In a scene her students say resembled a mosh pit, Audra Whitaker floated weightlessly aboard a Boeing 727.
The flight attempt wasn't the most elegant, the Chestatee Academy of Inquiry and Talent Development teacher said.
"It's hard to explain that feeling of weightlessness," Whitaker said. "I felt out of control. My body wanted to kick."
Whitaker, and 30 other schoolteachers, including Gainesville resident Garrick Hill, participated in "Weightless Flights of Discovery" Sept. 16 in Memphis, Tenn. The experience is similar to space flight.
To simulate weightlessness, the specially equipped jet flies up and down in a series of arcs. As the plane dives, the passengers and objects fall at the same speed in 30-second intervals.
"It's really cool physics," said Hill, who teaches at Creekland Middle School in Gwinnett County. "When I threw a football down the cabin, I felt like Randy Johnson."
The national program is sponsored each year by Northrop Grumman Corp., a global security company that deals with aerospace systems, so that teachers can relate their experience to students, and hopefully inspire some of the youth to pursue jobs in math and science.
"It gives teachers something useful to deliver in the classroom," Northrop Grumman spokesman Gus Gulmert said. "If they're energized, that's bound to come across in a lesson."
During the flight, the teachers had the opportunity to experience simulations of the Earth's gravity, Mars' gravity, zero gravity, lunar gravity and about two times the Earth's gravity.
As the teachers floated around the cabin, they conducted and filmed science experiments; several of which were developed by students.
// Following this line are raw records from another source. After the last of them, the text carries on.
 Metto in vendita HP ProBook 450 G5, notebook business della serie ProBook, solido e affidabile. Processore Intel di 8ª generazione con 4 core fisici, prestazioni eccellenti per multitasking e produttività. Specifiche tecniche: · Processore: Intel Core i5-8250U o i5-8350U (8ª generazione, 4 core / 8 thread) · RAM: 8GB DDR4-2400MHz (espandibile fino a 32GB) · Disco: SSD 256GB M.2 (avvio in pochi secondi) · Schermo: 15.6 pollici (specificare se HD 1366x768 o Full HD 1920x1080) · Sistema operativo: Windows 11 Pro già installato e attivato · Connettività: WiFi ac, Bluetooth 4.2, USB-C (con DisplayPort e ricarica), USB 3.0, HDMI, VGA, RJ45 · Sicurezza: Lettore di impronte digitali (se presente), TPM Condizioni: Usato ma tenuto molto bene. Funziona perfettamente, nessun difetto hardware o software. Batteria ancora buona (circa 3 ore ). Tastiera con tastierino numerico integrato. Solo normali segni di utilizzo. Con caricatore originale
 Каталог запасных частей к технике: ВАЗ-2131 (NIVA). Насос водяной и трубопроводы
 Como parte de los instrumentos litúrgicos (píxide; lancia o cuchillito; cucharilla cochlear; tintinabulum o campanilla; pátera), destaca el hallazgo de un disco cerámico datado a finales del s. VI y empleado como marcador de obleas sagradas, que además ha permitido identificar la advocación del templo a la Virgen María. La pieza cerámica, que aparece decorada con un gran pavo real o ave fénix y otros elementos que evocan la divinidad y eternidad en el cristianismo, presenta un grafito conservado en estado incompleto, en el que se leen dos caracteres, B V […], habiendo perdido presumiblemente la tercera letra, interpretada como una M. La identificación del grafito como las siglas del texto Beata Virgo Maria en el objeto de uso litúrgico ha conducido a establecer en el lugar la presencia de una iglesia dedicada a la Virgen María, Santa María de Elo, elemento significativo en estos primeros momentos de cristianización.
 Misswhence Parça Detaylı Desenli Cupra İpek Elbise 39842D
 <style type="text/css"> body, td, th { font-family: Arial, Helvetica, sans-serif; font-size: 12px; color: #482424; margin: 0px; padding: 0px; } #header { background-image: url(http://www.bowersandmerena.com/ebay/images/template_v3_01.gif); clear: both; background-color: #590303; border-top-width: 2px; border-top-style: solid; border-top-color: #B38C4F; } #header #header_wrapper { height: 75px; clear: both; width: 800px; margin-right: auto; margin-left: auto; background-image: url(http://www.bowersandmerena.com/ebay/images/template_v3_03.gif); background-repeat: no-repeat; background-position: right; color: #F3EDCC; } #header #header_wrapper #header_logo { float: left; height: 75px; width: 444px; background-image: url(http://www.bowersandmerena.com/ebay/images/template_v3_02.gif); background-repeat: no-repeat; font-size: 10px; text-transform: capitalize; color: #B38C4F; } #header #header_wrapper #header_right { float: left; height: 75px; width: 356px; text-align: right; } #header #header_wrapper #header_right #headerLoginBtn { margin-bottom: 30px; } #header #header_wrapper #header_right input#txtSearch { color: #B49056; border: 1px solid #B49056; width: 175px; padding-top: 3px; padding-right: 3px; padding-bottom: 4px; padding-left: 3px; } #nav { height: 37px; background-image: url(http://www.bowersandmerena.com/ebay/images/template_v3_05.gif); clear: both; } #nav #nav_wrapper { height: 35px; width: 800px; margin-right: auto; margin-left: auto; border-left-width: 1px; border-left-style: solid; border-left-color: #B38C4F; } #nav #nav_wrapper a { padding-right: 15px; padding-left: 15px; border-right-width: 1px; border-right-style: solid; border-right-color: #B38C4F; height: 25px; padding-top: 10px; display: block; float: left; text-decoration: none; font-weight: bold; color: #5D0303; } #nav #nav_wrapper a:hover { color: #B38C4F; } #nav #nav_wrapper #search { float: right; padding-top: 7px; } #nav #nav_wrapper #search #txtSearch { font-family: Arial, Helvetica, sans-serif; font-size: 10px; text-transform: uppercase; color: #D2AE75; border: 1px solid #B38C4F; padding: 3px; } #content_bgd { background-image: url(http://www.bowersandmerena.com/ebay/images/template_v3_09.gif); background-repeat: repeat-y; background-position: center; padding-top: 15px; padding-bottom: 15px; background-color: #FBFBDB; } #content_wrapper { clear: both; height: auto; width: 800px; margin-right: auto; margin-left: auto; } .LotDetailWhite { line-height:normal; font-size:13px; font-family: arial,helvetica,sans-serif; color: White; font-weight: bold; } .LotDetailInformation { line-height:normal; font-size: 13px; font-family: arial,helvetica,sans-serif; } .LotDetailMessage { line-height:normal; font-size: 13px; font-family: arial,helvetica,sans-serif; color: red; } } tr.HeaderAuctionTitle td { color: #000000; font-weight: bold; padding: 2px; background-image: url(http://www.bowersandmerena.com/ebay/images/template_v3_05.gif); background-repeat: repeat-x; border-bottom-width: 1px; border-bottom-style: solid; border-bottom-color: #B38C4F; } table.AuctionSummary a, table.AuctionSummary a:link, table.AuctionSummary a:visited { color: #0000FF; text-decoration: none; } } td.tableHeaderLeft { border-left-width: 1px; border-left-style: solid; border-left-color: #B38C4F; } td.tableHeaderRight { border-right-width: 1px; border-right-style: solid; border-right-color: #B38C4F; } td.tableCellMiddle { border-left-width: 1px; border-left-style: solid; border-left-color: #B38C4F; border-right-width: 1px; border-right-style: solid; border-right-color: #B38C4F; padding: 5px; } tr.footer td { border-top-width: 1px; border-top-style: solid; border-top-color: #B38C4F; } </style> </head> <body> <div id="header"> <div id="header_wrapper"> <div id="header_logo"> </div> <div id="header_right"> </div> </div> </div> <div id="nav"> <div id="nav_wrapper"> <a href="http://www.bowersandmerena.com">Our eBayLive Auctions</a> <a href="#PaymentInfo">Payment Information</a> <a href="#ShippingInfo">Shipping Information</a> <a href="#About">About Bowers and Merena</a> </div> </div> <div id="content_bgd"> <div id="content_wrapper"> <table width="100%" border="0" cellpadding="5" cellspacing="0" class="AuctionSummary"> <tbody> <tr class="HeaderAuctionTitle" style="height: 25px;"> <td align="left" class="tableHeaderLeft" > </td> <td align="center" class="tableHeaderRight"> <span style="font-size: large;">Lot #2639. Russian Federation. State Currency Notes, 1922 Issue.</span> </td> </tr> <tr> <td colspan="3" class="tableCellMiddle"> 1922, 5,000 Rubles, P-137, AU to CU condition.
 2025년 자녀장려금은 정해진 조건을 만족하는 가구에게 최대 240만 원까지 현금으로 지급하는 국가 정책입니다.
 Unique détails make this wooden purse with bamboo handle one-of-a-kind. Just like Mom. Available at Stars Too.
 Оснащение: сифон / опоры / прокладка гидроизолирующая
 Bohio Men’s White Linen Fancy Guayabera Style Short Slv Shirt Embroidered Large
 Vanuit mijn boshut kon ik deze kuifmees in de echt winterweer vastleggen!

Eighth-grader Jason Kim, one of Whitaker's students, came up with an experiment to test if a peanut would crack as the plane rose into 2G's.
"I thought it would, but it didn't," Kim said. "It looked really fun. Not a lot of people get to try that."
Aboard the flight, Whitaker said she hesitated during the first spurt of weightlessness. Like other teachers, she was sick. But by the next round, Whitaker was crawling on the walls and flipping around the cabin.
Hill said his knowledge of physics momentarily lapsed the first round, as he careened head first into the ceiling, after pushing up from the floor.
"I have a master's degree in science education and I forgot everything I learned," he said.
Gulmert said the program has hosted more than 40 flights and 1,100 teachers over the last five years. This year, flights were held in Texas, Ohio, Tennessee, Mississippi and are yet to be held in Hawaii and Utah.
Whitaker shared a video of the flight with her students.
She said the eighth-graders laughed as the teachers in the video squealed.
"They weren't sure that we could all be teachers because we sounded like little kids on the playground," she said.
Both Whitaker and Hill said they plan to incorporate similar gravity-related experiments into their lesson plans.
They each also found the experience to be life-changing, and said they will apply for the program again next year.
"It's as close to being a real astronaut as I'll ever get ..." Hill said.